その入り口として、トップページでは「読む(READ)」と「集う(MEET)」を切り替えられる構成を採用しました。じっくり記事を読みたいときも、誰かと出会い、対話や体験の場に参加したいときも、その時々の気分や目的に応じて、必要なコンテンツへ自然にたどり着くことができます。
課題を知ることと、実際に変化を生み出すことの間には、大きな距離があります。その距離を少しでも縮めるために、IDEAS FOR GOODは情報を届けるだけでなく、異なる立場の人々が対話し、次の実践につながる「広場」のような存在を目指します。
2. あたたかいメディア体験。誰にとっても心地よい余白
情報をすっきりと整理し、記事や写真、そして一つひとつの言葉がもつ力を、まっすぐに受け取れること。それを支えるのが、余白を大きくとったミニマルなレイアウトです。

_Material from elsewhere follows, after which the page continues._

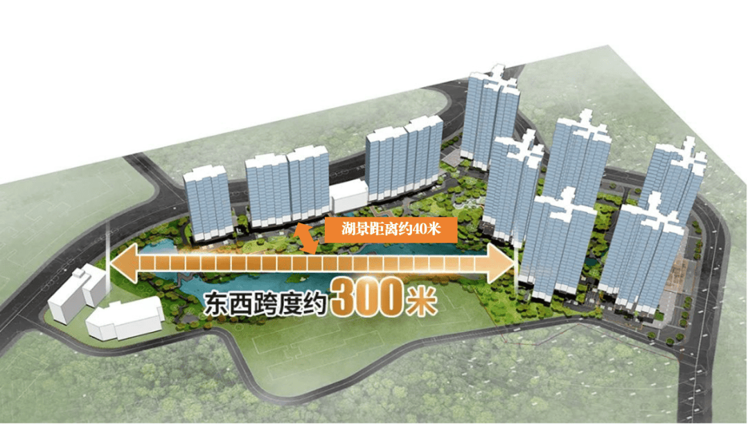 ▸丰厚的湖景资源,环抱映辰湖东西跨度近300米,离湖最近处约40米,专门开辟了私家步道与映辰湖直接相连

基調はこれまでと同じモノクロームですが、強すぎるコントラストをわずかに和らげ、文字や色面には漆黒ではない、やや淡い黒を用いました。背景にはくっきりとした真っ白ではなく、ほのかなクリーム色が敷かれています。画面の奥に体温を宿すことで、年齢や立場、読むタイミングにかかわらず、誰もが急かされることなく自分のペースで読み、考え、立ち止まれる--そんな心地よさと、誰も置き去りにしない包摂的な空気を大切にしました。
3.迷わない、使いやすいUIに
「内容はいいのに読みづらい」「どこを見ればいいか迷う」。リニューアルにあたって伺った読者の声を起点に、情報への道筋をいちから設計し直しました。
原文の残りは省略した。